Christel und Hansjürgen Nüßle blieben hier. Hier, das ist die Altstadt, die - das klingt makaber - erst nach dem sogenannten Beilmord zum Leben erweckt wurde. Es fing mit der Installation der Beleuchtung an. Nüßle erinnert sich noch an die vielen, mitunter unendlich langen Gespräche und Diskussionen mit Inge Klaan, die damals das Stadtplanungsamt leitete. Ein zentrale Frage war denn auch: Die Altstadt nur als Fußgängerzone oder für den Fahrzeugverkehr freigeben? Das Ergebnis ist bekannt, die Altstädtler hatten sich durchgesetzt. Dann kamen die Altstadtinitiative, die Altstadtfeste. Sie waren und sind immer noch mit dem Namen Nüßle verbunden.

Doch nun soll das Geschäftsbuch in der Barfüßerstraße 20 zugeklappt werden. Am 31. Dezember ist Schluss, an jenem Montag wird zum letzten Mal um 10 Uhr geöffnet. Der Impuls für diesen Schritt kam indirekt von Alexander. Der wird in der Kranichstraße, gegenüber der Marktpassage, ein neues, ein zweites Geschäft eröffnen. Warum soll es dann - 300 Meter Luftlinie weiter - noch ein Geschäft der Nüßles geben? Die Familientradition ist wieder in das Herz dieser Stadt gerückt, in der Hansjürgen Nüßle seit 75 Jahren lebt.

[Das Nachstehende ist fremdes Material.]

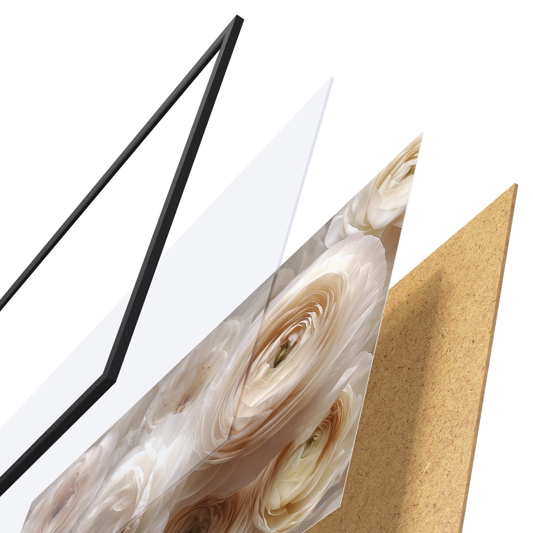 De poster bestaat uit een frame, plexiglas, geprinte afbeelding en spaanplaat achterkant. De poster kan meteen aan de muur worden gehangen dankzij de bevestigingen op de achterkant.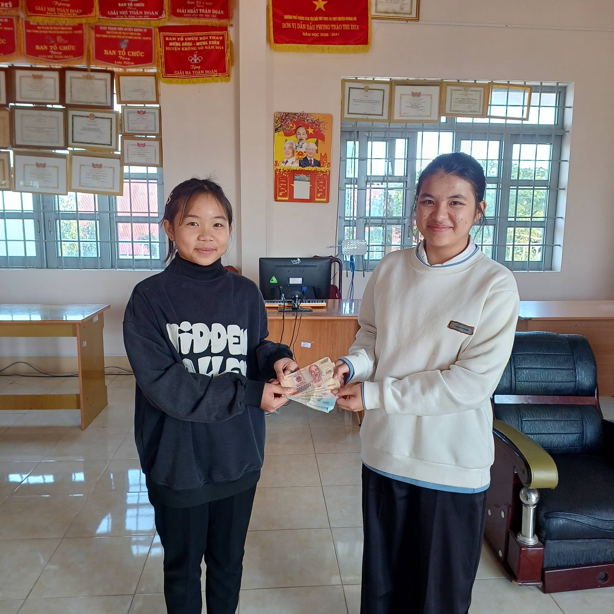 Sáng ngày 12/01/2026, trên đường đến trường, em Lương Thị Đợi, học sinh lớp 6 Trường PTDTNT THCS và THPT Krông Nô, đã nhặt được một chiếc bọc màu đen ở cầu thang khu E, bên trong có số tiền hơn 700.000 đồng.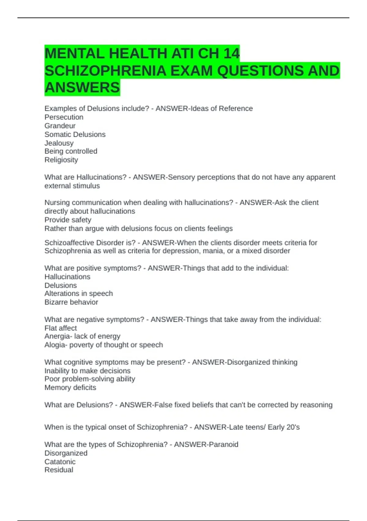 SCHIZOPHRENIA EXAM QUESTIONS AND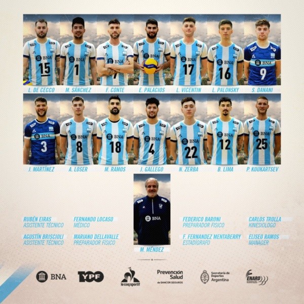 El plantel argentino está compuesto por Luciano De Cecco, Matías Sánchez, Bruno Lima, Pablo Kukartsev, Agustín Loser, Joaquín Gallego, Nicolás Zerba, Martín Ramos, Ezequiel Palacios, Facundo Conte, Luciano Palonsky, Luciano Vicentin, Jan Martínez y Santiago Danani.

Die Nüßles haben sich diesen Schritt wohl überlegt, auch die Zeit, die danach kommt. Sie sind dann richtige Rentner, haben Enkelkinder und haben für viele andere Dinge mehr Zeit als das in den vergangenen Jahren der Fall war. Die neue Zeit, sie sei ihnen gegönnt. Eines wird sich vermutlich nicht ändern: Hansjürgen Nüßle wird sich immer noch einmischen, wenn es um "seine" Altstadt geht. Sie ist und bleibt ein Teil von ihm.
Peter-Stefan Greiner
Autor: red

Kommentare
Rainer H.
07.12.2015, 08.10 Uhr
Altstadt fängt an zu leben - da gehen die die am längsten warteten!

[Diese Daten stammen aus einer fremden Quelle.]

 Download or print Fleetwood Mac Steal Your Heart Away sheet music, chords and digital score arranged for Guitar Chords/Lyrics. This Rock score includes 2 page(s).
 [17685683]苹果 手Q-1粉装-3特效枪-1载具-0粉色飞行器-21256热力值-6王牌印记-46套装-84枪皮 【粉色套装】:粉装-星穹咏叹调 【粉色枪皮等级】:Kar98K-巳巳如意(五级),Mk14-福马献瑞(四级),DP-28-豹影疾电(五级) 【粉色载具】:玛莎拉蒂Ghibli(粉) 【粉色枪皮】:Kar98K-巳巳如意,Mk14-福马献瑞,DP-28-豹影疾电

Verdient in den Ruhestand verabschiedet sich Familie Nüßle. Lange haben Sie auf eine Belebung der Altstadt gewartet, Altstadtfeste waren die Höhenpunkte in der sonst ruhigen Altstadt. In den 1990er Jahren wurde lediglich die Straße mit Gehwegen neu gemacht. Für mehr hatte die Rinke Politik nichts über. Der größte Wunsch von Frau Rinke war eine autofreie Altstadt - das wäre gleichzeitig das AUS für die Altstadt gewesen.In den letzten 3 Jahren wurden die Prioritäten geändert. Wohnungsbau steht vorrangig für die Altstadt auf dem PLan. Georgenstraße, Gumpertstraße, Bäckerstraße, Schärfgasse und Rosengasse. Es wird dazu führen, das auch in den nächsten Jahren weitere Lücken verschwinden und so manche Ruine - auch wenn es weh tut.
Schön wäre es gewesen, wenn Nüßle Junior in das väterliche Geschäft gezogen wäre, aber in der Kranichstraße pulsiert das Leben, die Marktpassage ist das Tor zur Altstadt, durch das nur Wenige den Weg in die Altstadt finden.
Liebe Familie Nüßle, bleiben Sie aktiv!